Aivazovsky was Russian art's "last Romantic".. His travels to European capitals put him instinctively on the side of the Westernizers in Russia's cultural schism of the late nineteenth century, but his subsequent reaction to Slavophile calls for a more authentic art was to retreat into a conservative and dreamy vision of Constantinople as an imagined spiritual capital for a hybrid European and Eastern identity, of Crimean gypsy encampments as an idealization of community, of fishermen dwarfed by the sea and peasants dwarfed by the steppes, of Ukrainian farmsteads warmed by the almost divine benevolence of a nurturing sun. Aivazovsky was not a plein-air painter - he painted in his studio from drawings - and his scenes are never explorations of what he was looking at but rather imaginings assembled out of collected details and his own memory. Typically, he had not witnessed what he painted but instead gathered enough details in his sketchbooks to paint something that he had seen in his mind's eye. In that respect, Aivazovsky's legacy is considered by some as minimal, his Romanticism superficial, his working process and intentions self-indulgent to today's critical taste, his rapid turnover of canvases pandering to the demand for more of the same from his exhibitors and buyers, and his conservatism out of reach to the radical forces that would re-shape and re-energize Russian culture.
In another respect, however, Aivazovsky's legacy still resonates. His skies were always thinly painted, usually in one fast session using thin washes, but his seas were layered on with thick brushes, working outwards from a center of detail, such as a ship, so that the peripheral vision is more impressionistic than detailed.
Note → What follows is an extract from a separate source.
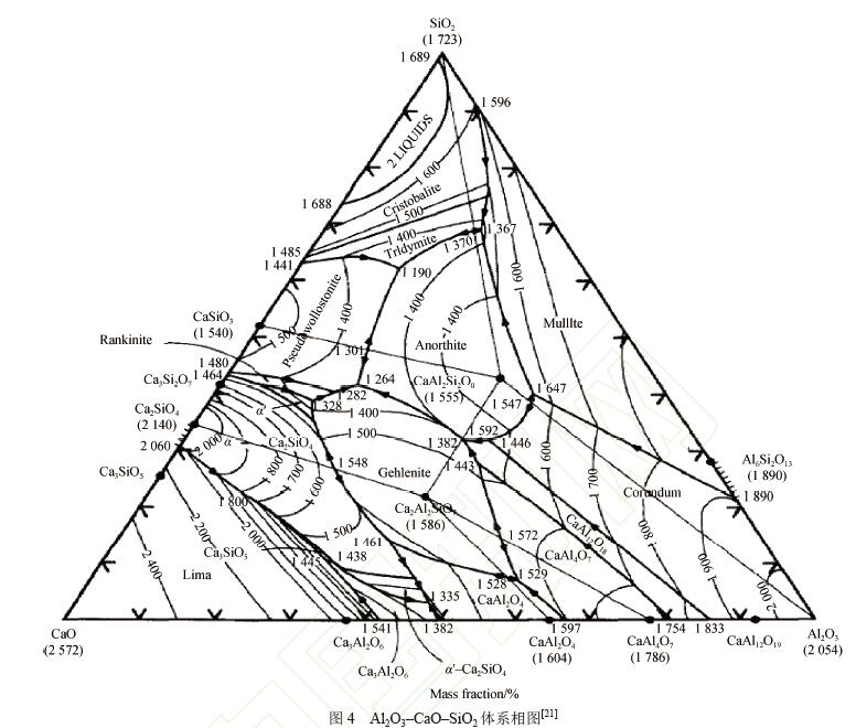 當(dāng)MgO 含量較高時,析出相為鎂硅酸鹽、鋁硅酸 鹽以及富含鈣的長石相。當(dāng)CaO 含量較高時,析出 相為鈣長石CaAl2Si2O8、鈣鋁黃長石Ca2Al2SiO7、 鈣鋁榴石Ca3Al2Si3O12、鎂鋁榴石Mg3Al2Si3O12、六鋁酸鈣CaAl12O19 和尖晶石MgAl2O4??梢?,鈣 鋁黃長石Ca2Al2SiO7以及與(Na,K)AlSi3O8結(jié)構(gòu)相似 的鈉長石NaAlSi3O8、鈣長石CaAl2Si2O8 在其它高 鋁瓷中也是常見析出相。

Unlike other nineteenth century academicians who painstakingly and methodically worked over a canvas in precise detail, Aivazovsky's engagement with the canvas could be much more instantaneous, embodied, and visceral at times. He would propel his body at the surface, brush in hand, in order to create the force he wanted in the paint. Visitors to his studio report the physical effort he exerted and the exhaustion that often resulted from working rapidly and with such physical intensity. While Aivazovsky's placid scenes often feel dated and lifeless now, many of his stormy seascapes still churn with this energy and physicality. This commitment of his own body to the act of painting, and the resulting viscerality of his seas as painted surfaces, still feels vividly alive and exemplary of what painting can achieve through its raw materiality.